The Defining Moment: FDR's Hundred Days and the Triumph of Hope
- Author: Jonathan Alter
- Language: English
- Genre: Political History
- Publisher: Simon & Schuster
- Publication date: May 2, 2006
- Publication place: United States
- Media type: Print (Hardcover & Paperback)
- Pages: 432 pages
- ISBN: 0-7432-4600-4
- OCLC: 63680088
- Dewey Decimal: 973.917092 B 22
- LC Class: E807 .A784 2006

= The Defining Moment =

Book about President Franklin Roosevelt's first 100 days in office

The Defining Moment: FDR's Hundred Days and the Triumph of Hope is a political history book by Jonathan Alter about the first 100 days of Franklin D. Roosevelt's presidency. The book also focuses on how Roosevelt's childhood, personal life, diagnosis of polio, and early political life prepared him for those early days in which he established the New Deal to fight the Great Depression.

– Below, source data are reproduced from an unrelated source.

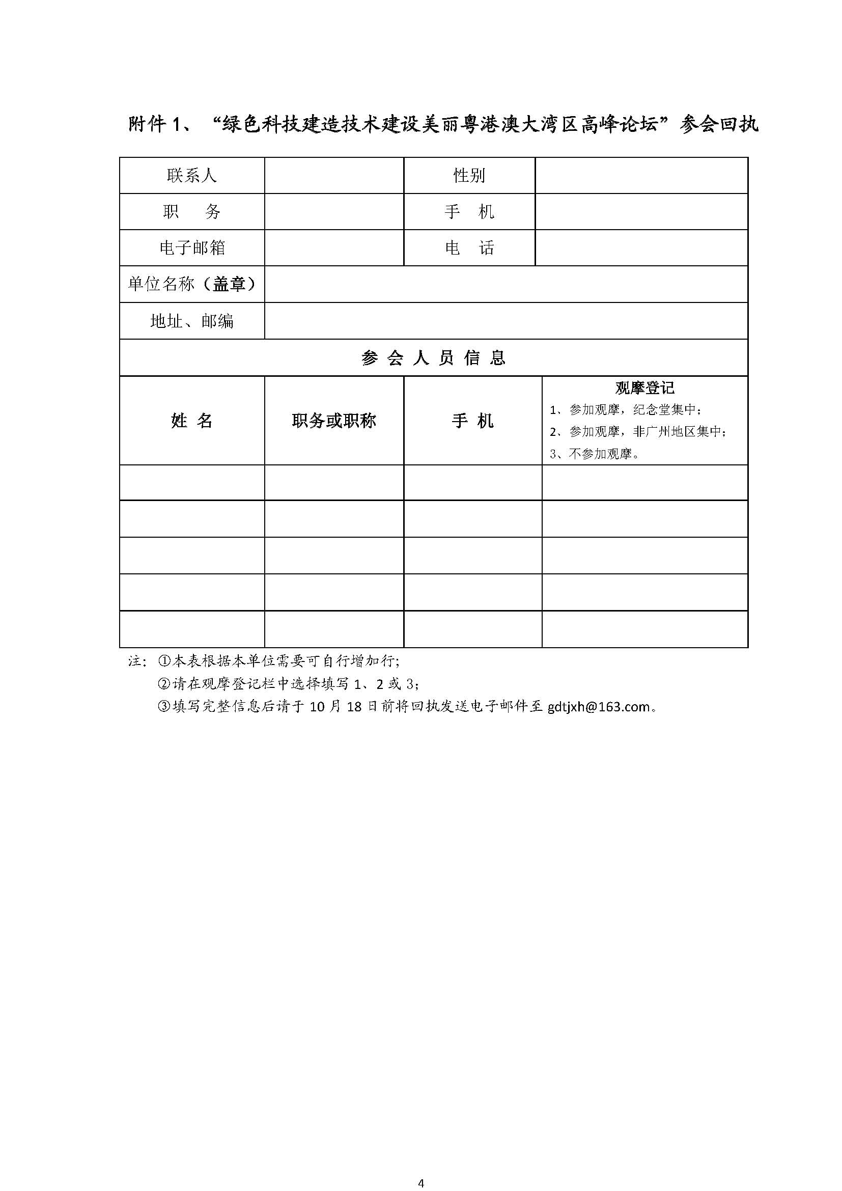 附件:“绿色科技建造技术建设美丽粤港澳大湾区高峰论坛”参会回执
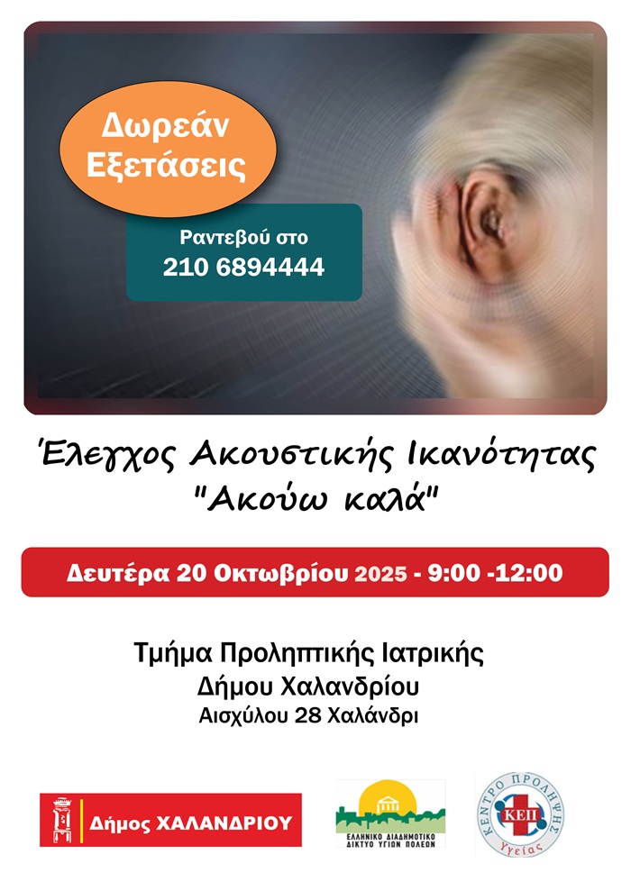 Τη δυνατότητα δωρεάν ελέγχου ακουστικής ικανότητας δίνει σε όλους το ΚΕΠ Υγείας του Δήμου Χαλανδρίου σε συνεργασία με το Ελληνικό Διαδημοτικό Δίκτυο Υγιών Πόλεων του Παγκόσμιου Οργανισμού Υγείας (ΠΟΥ).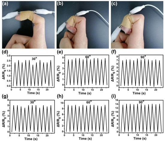 The graphene/CNTs pressure sensor was fixed on the finger through a band-aid to monitor the bending motion of the joint at different angles (Figure 5a–c). At the same time, real-time resistance changes were recorded (Figure 5d–i). The resistance change rate of the pressure sensor without the PS microsphere array in the cyclic bending of the finger at different angles is shown in Figure 5d–f. Figure 5g–i corresponds to the resistance change rate of the pressure sensor with a 2 μm diameter PS microsphere array. It was found that the resistances of the sensor showed corresponding increases or decreases with the deformation of the finger. Furthermore, under the same conditions, the resistance change rate of the interlocking microstructure sensor was almost twice that of flat surface sensor.

In The Defining Moment, Alter presents Roosevelt and his presidency as the perfect mold of man and moment. Alter argues Roosevelt's willingness to experiment and try new ideas, along with his willingness to abandon ideas that fail and try something else, proved to be a tremendous asset; in Alter's words, Roosevelt "threw a lot of things against the wall to see what stuck." Alter also said Roosevelt's inspirational leadership led to psychological victories which helped the country recover from an economic crisis. The book also highlighted the fact that prior to Roosevelt's election, some feared capitalism and democracy were in danger, while suggestions were raised by some about the need for fascism, socialism or communism.

During an interview with 60 Minutes on November 14, 2008, then-President-elect Barack Obama said he had recently been reading The Defining Moment and hoped to apply some of Roosevelt's strategies that were outlined in the book into his own administration. Some reviewers have said Alter's book brings to mind similarities between Obama and Roosevelt's rise to the presidency, in that both men overcame difficulties, both exuded tremendous confidence, both embodied a message of hope and both came to office during difficult economic times.